_Data supplied:_

- - - -

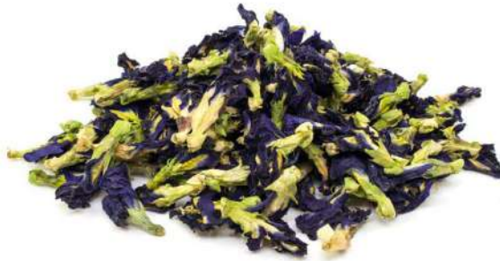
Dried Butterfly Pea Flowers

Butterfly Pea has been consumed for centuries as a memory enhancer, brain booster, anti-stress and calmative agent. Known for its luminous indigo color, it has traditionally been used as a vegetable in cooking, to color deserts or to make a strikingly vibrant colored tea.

- - - -

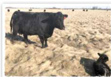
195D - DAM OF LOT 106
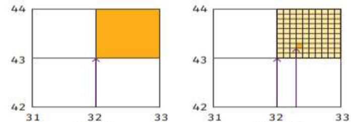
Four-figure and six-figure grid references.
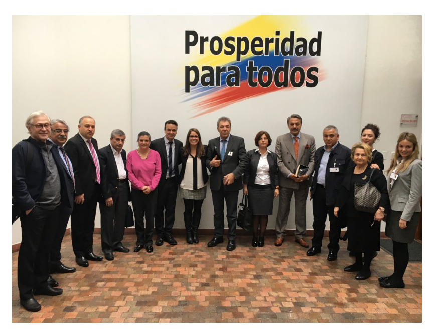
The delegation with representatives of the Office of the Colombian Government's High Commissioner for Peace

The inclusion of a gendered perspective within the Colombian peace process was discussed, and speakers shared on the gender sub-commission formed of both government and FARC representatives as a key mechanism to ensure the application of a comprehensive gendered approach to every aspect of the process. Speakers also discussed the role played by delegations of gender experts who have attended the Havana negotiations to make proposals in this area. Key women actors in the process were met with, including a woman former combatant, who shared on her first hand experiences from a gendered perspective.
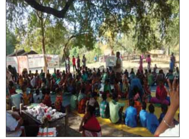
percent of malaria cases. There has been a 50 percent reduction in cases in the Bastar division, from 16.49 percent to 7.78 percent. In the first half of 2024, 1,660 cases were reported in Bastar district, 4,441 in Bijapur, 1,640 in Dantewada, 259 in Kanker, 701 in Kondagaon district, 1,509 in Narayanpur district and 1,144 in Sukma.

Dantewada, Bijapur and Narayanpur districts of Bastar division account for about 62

- - - -

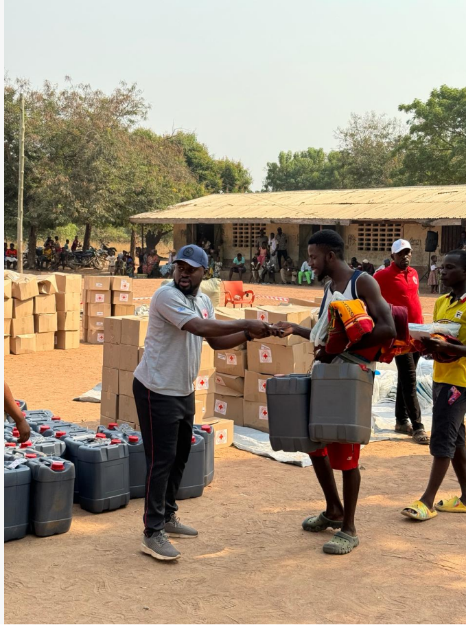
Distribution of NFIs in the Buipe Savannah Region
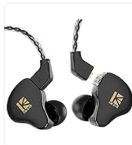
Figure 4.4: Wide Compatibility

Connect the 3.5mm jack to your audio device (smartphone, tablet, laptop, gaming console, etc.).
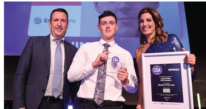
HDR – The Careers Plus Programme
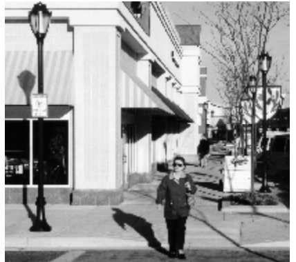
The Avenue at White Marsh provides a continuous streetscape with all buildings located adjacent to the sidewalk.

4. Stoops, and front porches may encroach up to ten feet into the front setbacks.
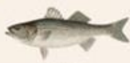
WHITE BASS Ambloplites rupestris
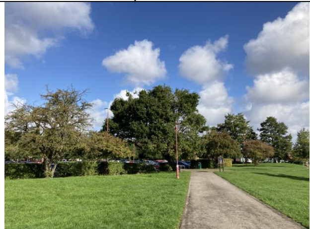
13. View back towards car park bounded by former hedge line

- - - -

_Your instructions:_ Using the records above, repeat exactly the run of lines that starts with the line with "HDR – The Careers Plus Programme" and goes on through the line with "13. View back"; omit each picture.

_Reply to the task:_
HDR – The Careers Plus Programme
The Avenue at White Marsh provides a continuous streetscape with all buildings located adjacent to the sidewalk.

4. Stoops, and front porches may encroach up to ten feet into the front setbacks.
WHITE BASS Ambloplites rupestris
13. View back towards car park bounded by former hedge line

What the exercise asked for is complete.